The answer must consist solely of the lines below starting at the one containing "地域で一番の中高一貫校にお子" and ending at the one containing "Una hermosa acuarela", repeated exactly, with both ends included and all pictures omitted.

[Data provided]

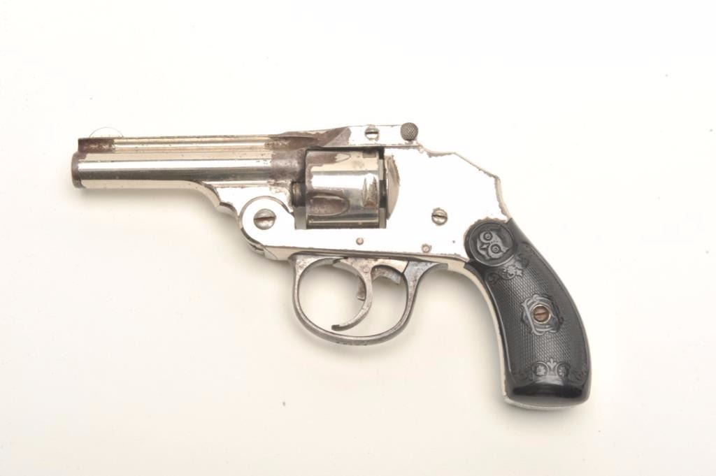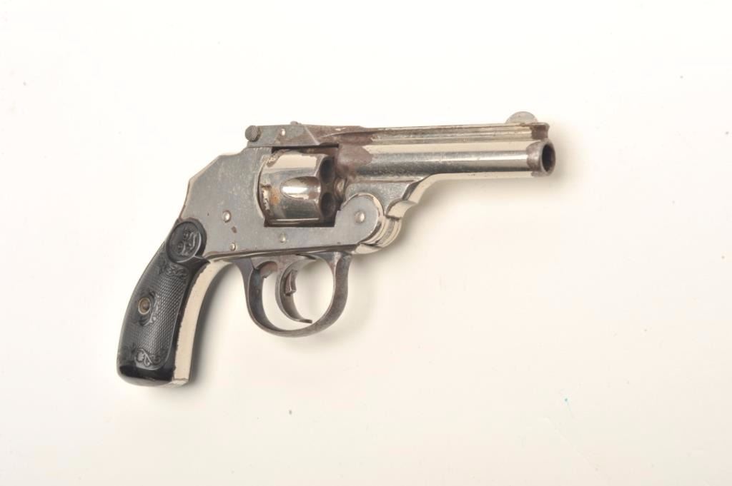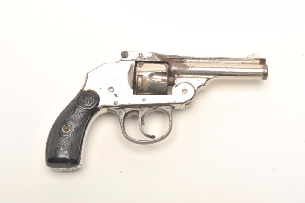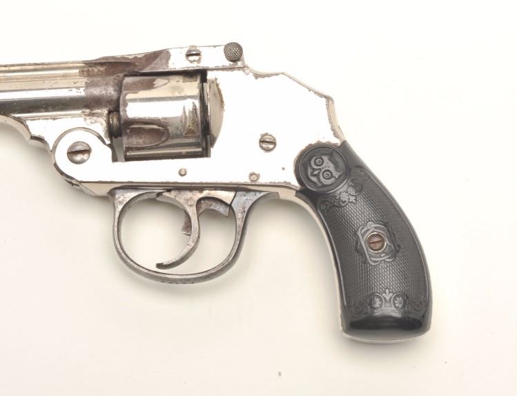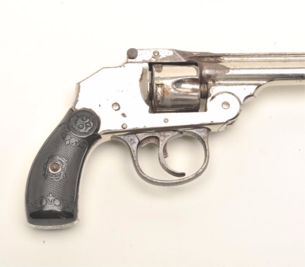 Lot 684 Iver-Johnson top break DA hammerless revolver, .32 caliber, 3” barrel, nickel finish, checkered ow
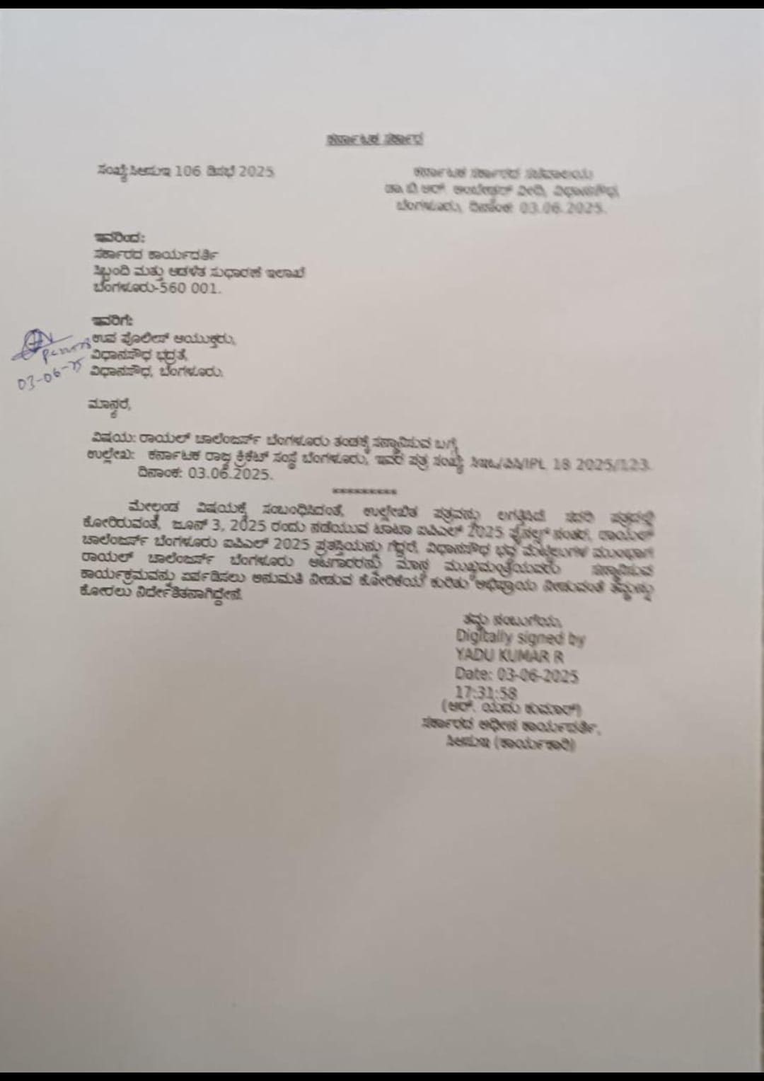 ಈ ಸಂಭ್ರಮಕ್ಕಾಗಿ ಐಪಿಎಲ್ ಫೈನಲ್ ಗೆದ್ದ ಆರ್ ಸಿಬಿ ತಂಡಕ್ಕೆ ವಿಧಾನಸೌಧದ ಮುಂದೆ ಸನ್ಮಾನ ಮಾಡಲು ಸರ್ಕಾರಕ್ಕೆ ಕೆಎಸ್ ಸಿಎಲ್ ಪತ್ರ ಬರೆದಿದೆ.
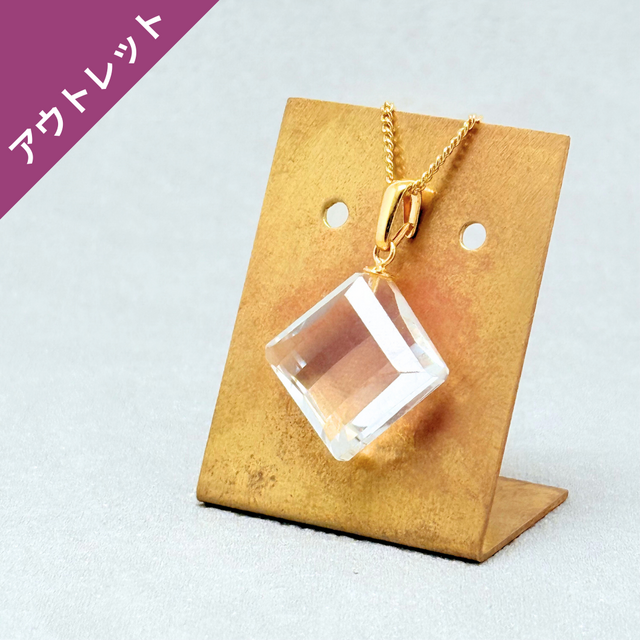 ラス1 アウトレット 18mm 立体研磨 クォーツ/白水晶 K18GP K24GP 天然石ネックレス - 格子
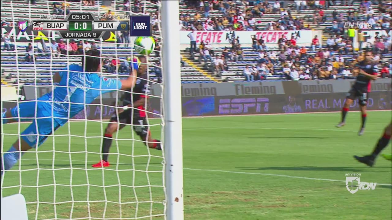 Los de la UNAM buscaban sorprender a los de la BUAP con una jugada por la banda derecha que terminó siendo ligeramente desviada por Toño Rodríguez.
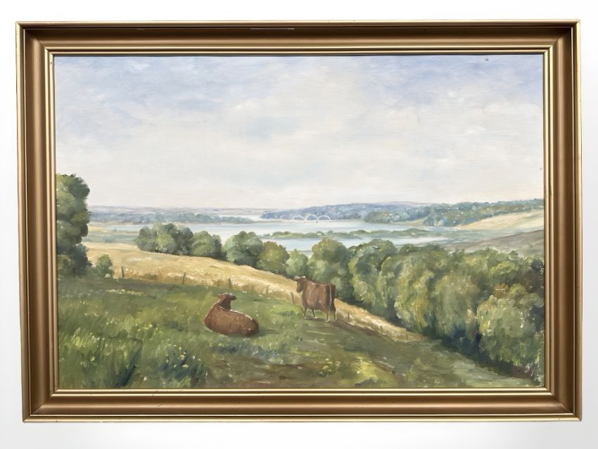 Soren Jansen : Cattle on a hillside, oil on canvas, 95 cm x 65 cm.
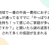地域で一番の中高一貫校にお子さんが通ってるママに「やっぱりお金持ち!って感じのご家庭が多いですか?」と聞いたら謎の返答をされて多くの仮説が生まれる
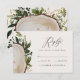Rustic watercolor floral wedding R.S.V.P reply card. Wood slice and foliage design. Elegant modern wedding range. Part of a collection
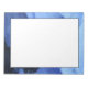 Una hermosa acuarela azul montañosa bordeada por un tabique.
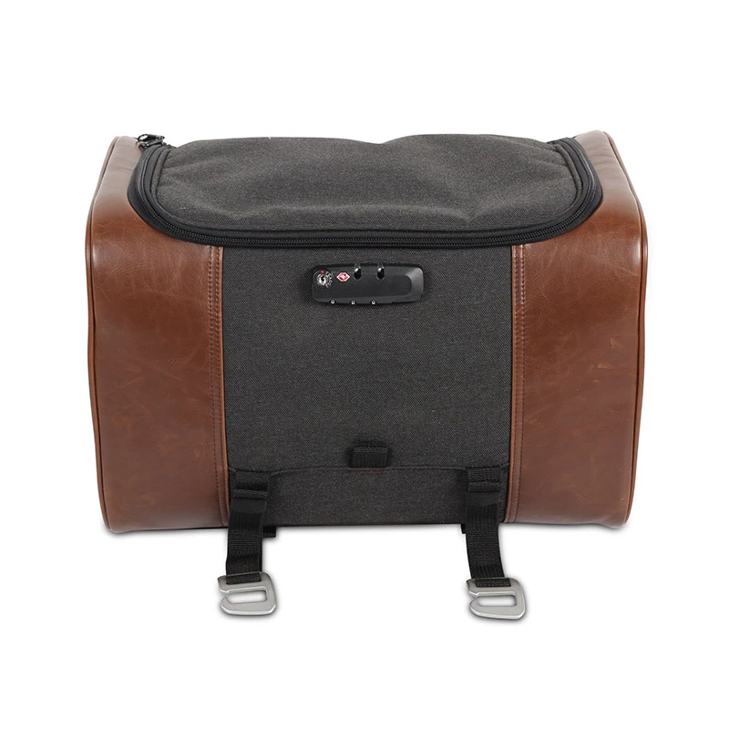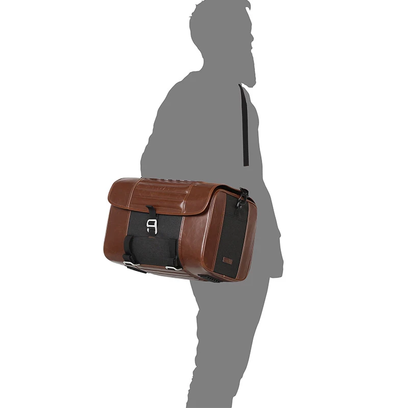 Rear Bag. Rear bag as well as a great gym bag locked with a TSA combination lock. Dimensions: 25 cm x 40 cm x 26 cm. With 27-liter capacity, it has space to a full-face size helmet, and several internal pockets to organize the rider’s belongings. It is easily and quickly attached to the bike thanks to the high-quality Trimmer® aircraft grade aluminium hook system and includes a shoulder strap for easy transport. Capacity: 27 L. Rain cover included. Quick 4 point fitting kit included. TSA approved lockable zippers for better security while travelling. UV Resistance: ISO 105 A 02. Grade 5/5 (Tested 1500 hours). Remove or place bag on bike in seconds with quick clips. Full face helmet capacity sized bag. Padded handle & shoulder strap for comfortable transport. Semirigid structure maintains shape when empty. 3 inner pockets for organizing gear. Trimmer © aluminium ionized clips. Material: 210D lining PU*2 black 600D poly/PU*2.
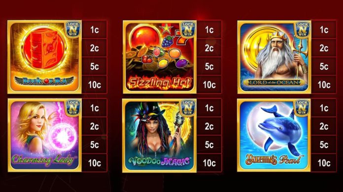 “Book of Ra” and “Sizzling Hot” share the red sun disk symbol as the main asset for this feature. For the “Charming Lady”, it is a pink sphere, and for “Dolphin’s Pearl”, a pearl in a “bubbly” animation. “Lord of the Ocean” and “Voodoo Magic” coins trigger the re-spin feature for the Progressive prizes.
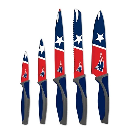 The Sports Vault 5-Piece Kitchen Knife Set is the perfect gift for the avid sports fan or aspiring chef in your family. This set features high-quality 430 stainless steel blades with New England Patriots printed artwork on both sides of each knife. The easy to clean hand wash only requires soap and water for best results and makes this a great gift for any occasion.
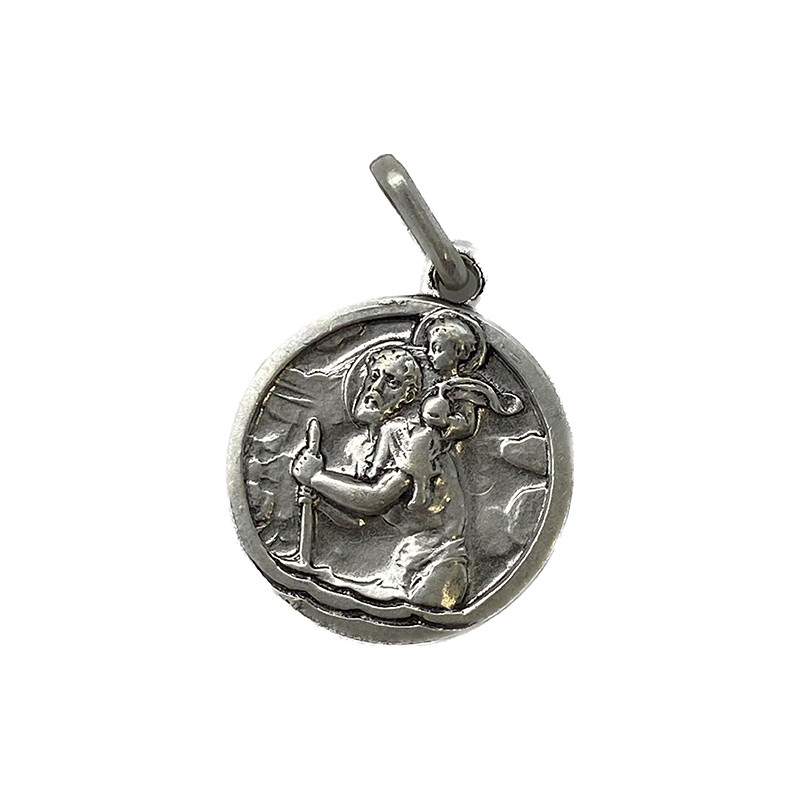 Toujours représenté comme un géant portant l’Enfant Jésus sur ses épaules, tenant un bâton ou une palme. Un jour, il aidait les voyageurs à traverser une rivière dangereuse. Un enfant lui demanda de le porter sur ses épaules. En traversant, Christophe sentit l’enfant devenir incroyablement lourd, comme s’il portait le monde entier. L’enfant lui révéla alors : « Je suis le Christ, et tu as porté le Sauveur du monde. »La médaille est un signe de foi et de confiance.

[/Data provided]

Task output ::
地域で一番の中高一貫校にお子さんが通ってるママに「やっぱりお金持ち!って感じのご家庭が多いですか?」と聞いたら謎の返答をされて多くの仮説が生まれる
Rustic watercolor floral wedding R.S.V.P reply card. Wood slice and foliage design. Elegant modern wedding range. Part of a collection
 Una hermosa acuarela azul montañosa bordeada por un tabique.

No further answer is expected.